By Sebastian Ching
Life, as we live it, appears to us as a successive series of events. It is the asymmetry of this that prompts the deepest of our anxieties. Examining events on their own ignores the totality of one’s lived experience and identity. Examining events in the present fails to fully contextualise the past, and memory is frustratingly fickle. In truth, the past simply cannot stand on its own before us; we can only retroactively reconstruct it to make sense of our present. This is its own paradox: all events are determined in the past, but also such events can be subject to reimagination and reinterpretation. As such, we cannot truly revisit the past, nor can we glimpse into the future beyond the certainty that death is a predetermined event. Our shared fatalism is not a particularly thrilling prospect. We are trapped within a vague notion of the present, its current directing us nowhere.
Simply put, we live our lives without fully knowing how it will unfold. Unlike most stories that possess the comfortable trappings of a defined genre or narrative, we never know for certain whether the choices we make are the ones we should have or the ones that truly represent the force of our whims and desires.
This anxiety has formed the basis for many a storied filmmaker’s attempts to push the limits of how film can portray our varied lived experiences, but it is the films of Wong Kar Wai that best capture the sense of alienation distinctly attributed to modernity. Oftentimes, the world moves so fast that one’s sense of time and memory gain a certain sense of fluidity, the visual representation of which is now synonymous with Wong and his frequent collaborator, cinematographer Christopher Doyle. I agree with these observations. These are stylistic and thematic elements present in all of Wong’s films. However, it is only when we appraise Wong’s filmography as a whole that we can truly appreciate what he is trying to achieve as an artist: to assemble the narrative of one’s lived experience and apprehend it in its totality. To do so, they must stand outside of the world they inhabit. Hence, Wong’s directorial and visual style is voyeuristic, intimate yet disconnected, characterised by a sense of lacking and yearning. It is then, a mischaracterisation if one simply considers his films to be sentimental or nostalgic. More precisely, they are an expression of grief, an inability to actualise and replicate the past within the present–to loop a single moment in eternity. Paradoxically, this is what a film can do.

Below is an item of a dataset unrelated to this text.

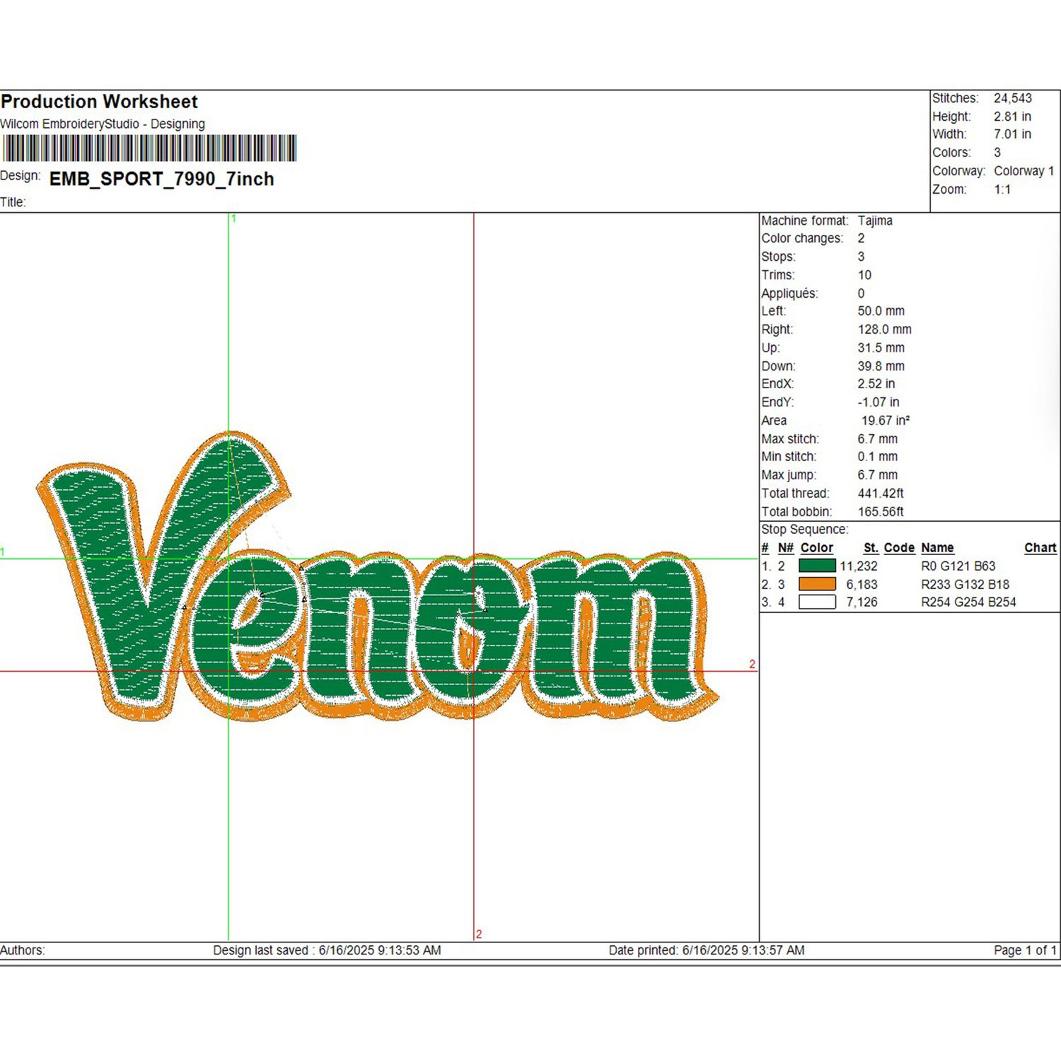 Venom College Football Team Writing Logo Embroidery Designs, NCAA Florida A&M Rattlers Machine Embroidery Files, NCAA Logo embroidery designs, NCAA Rattlers Logo, Digital Download

Hence, Wong’s characters become a representation of the liminal space the artist occupies. In the Mood for Love is a fatalist’s romance: As vivid as Mr. Chow and Mrs. Su’s feelings are for one another, they will never act on those feelings. Indeed, the question of whether a relationship founded on an attempt to reenact their spouses’ infidelity and betrayal can ever survive the transition into one built on sincerity. Their relationship could have flourished, had they discovered one another after separation from their spouses. Instead, they find themselves in a twisted facsimile of a relationship. This tension between possibility, loss, and the passage of time is a topic continuously revisited by Wong throughout his work. Ashes of Time is a lamentation of lost love and opportunity. Its protagonist declares that once we experience the irreversible loss of another, the only thing we can do is to ensure we never forget them. Ironically, he remarks, that the more you intentionally try to forget someone, the less they recede from your mind. Your memory of them becomes ever more vivid.

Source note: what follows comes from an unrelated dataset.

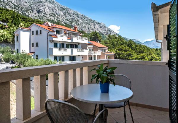Tu jest jak w raju ... Z jednej strony morze, z drugiej góry. W Polsce potrzeba na to minimum 800km, żeby być w górach i nad morzem, tu mamy to w kilku metrach. Gospodarze bardzo ale to bardzo mili i gościnni, pokoje czyściutkie, nic nie brakuje, łącznie z garnkami i patelniami itp. Moja żona, zazwyczaj bardzo wybredna i spostrzegawcza z uwagi na pracę w Sanepidzie niema zastrzeżeń i czuje się jak w raju to mówi samo za siebie. Generalnie polecam bardzo, po drodze było pełno "apartmani" ale co z tego jak tylko tu mamy góry i morze pod nosem, w innych apartamentach trzeba przebiegać przez ruchliwą ulicę. Jeszcze raz Dziękuję Blaženka. Hvala, Marek.

The irreconcilability of creating a lasting connection amidst the currents of time is a constant theme throughout Wong’s work. This is perhaps singularly encapsulated in The Hand. It might also be the best expression of Wong’s filmography. A short film within the anthology film Eros, The Hand explores an unconventional romance between a courtesan and her tailor. Here the tailor cuts a lonely figure. Hunched alone in his workshop, the meticulous pattern cutting, shaping, and embroidery of his creations lend an air of unconsummated intimacy. Their relationship is an impossible one–the cause of their relationship is precisely what prevents its actualisation. They are left with only desire and imagination. Building up to a tragic and cathartic conclusion, The Hand is romantic to a fault.